▶ _PROMPT_: The whole listing, exactly as given: write it out, leaving out each image.

▶ _DATASET CONTENT_:
****************************************
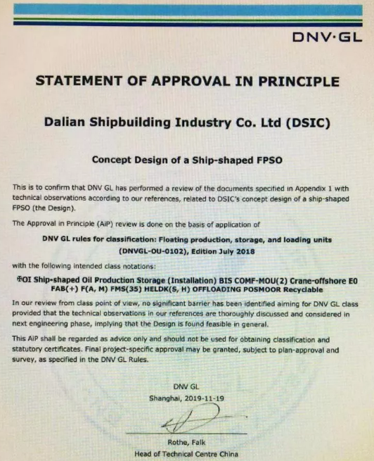 ????11月20日,大船集团在总部举行了“15.5万吨穿梭油船”和“通用型FPSO”设计AIP证书颁发仪式,两型新产品获得DNV·GL原则性认可。
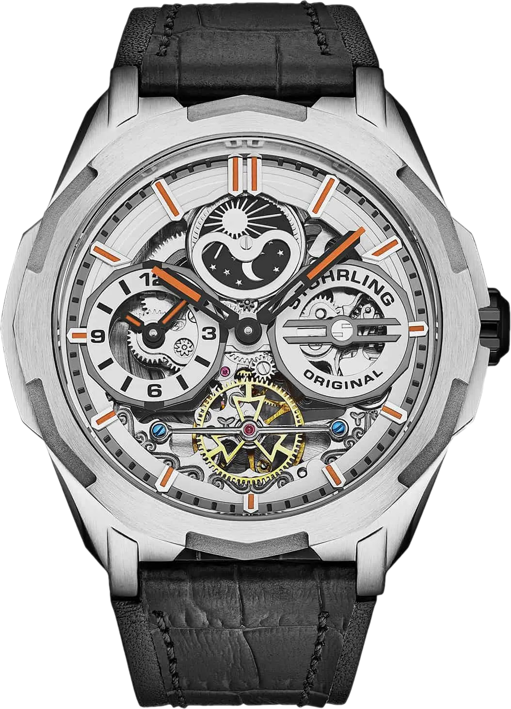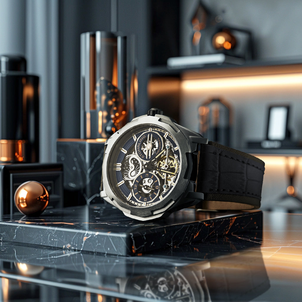 The bold 46mm stainless-steel case delivers a commanding presence on the wrist while protecting the intricate mechanics within. Precision-finished surfaces and sculpted edges create a design that feels both modern and enduring.
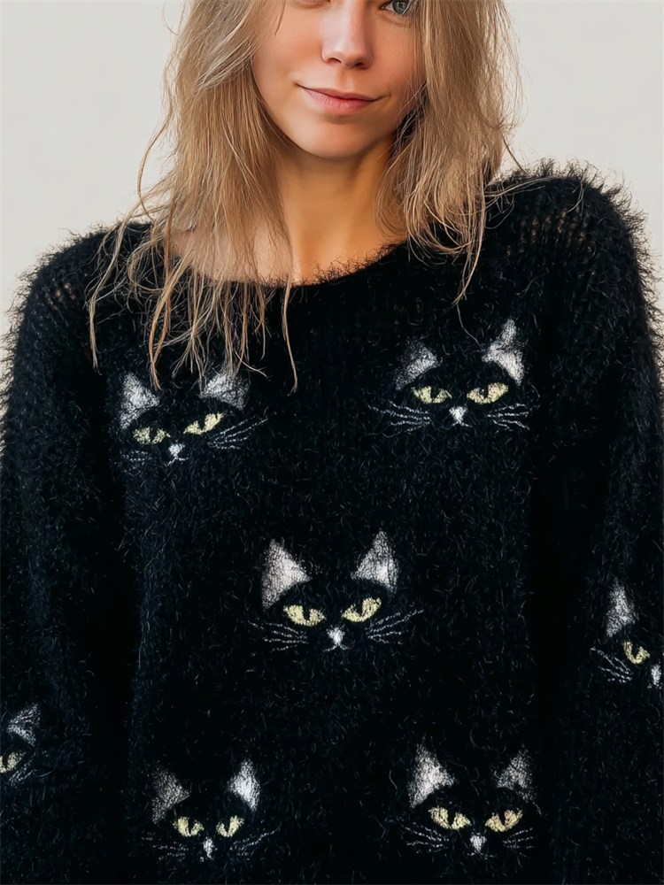 Lovely Black Cat Faces Fuzzy Cozy Knit Sweater
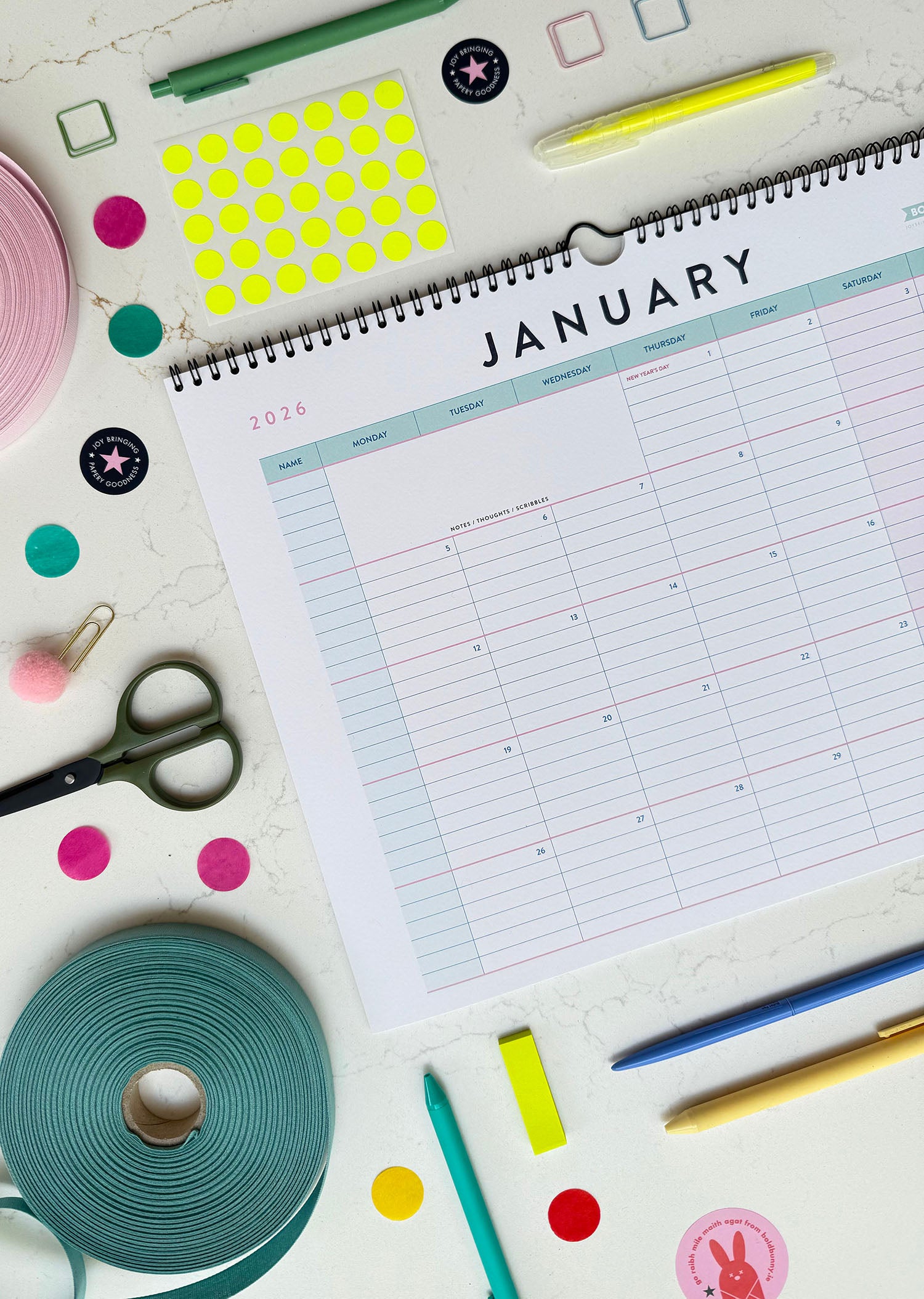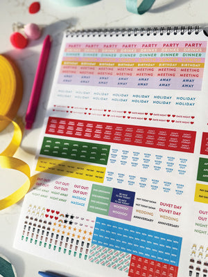 Included are over 850 stickers. For example, if you're just terrible at getting it together to go out with your partner for a date night (like many of us) stick a date night sticker on your month, and, bam! hit up the cinema, go for an Early Bird or just go for some drinks. Ok - this planner isn't gonna sort out your relationship for you, but if it's on the wall, it's a start! yes?
****************************************
▶ _ANSWER BOX_:
 ????11月20日,大船集团在总部举行了“15.5万吨穿梭油船”和“通用型FPSO”设计AIP证书颁发仪式,两型新产品获得DNV·GL原则性认可。
 The bold 46mm stainless-steel case delivers a commanding presence on the wrist while protecting the intricate mechanics within. Precision-finished surfaces and sculpted edges create a design that feels both modern and enduring.
 Lovely Black Cat Faces Fuzzy Cozy Knit Sweater
 Included are over 850 stickers. For example, if you're just terrible at getting it together to go out with your partner for a date night (like many of us) stick a date night sticker on your month, and, bam! hit up the cinema, go for an Early Bird or just go for some drinks. Ok - this planner isn't gonna sort out your relationship for you, but if it's on the wall, it's a start! yes?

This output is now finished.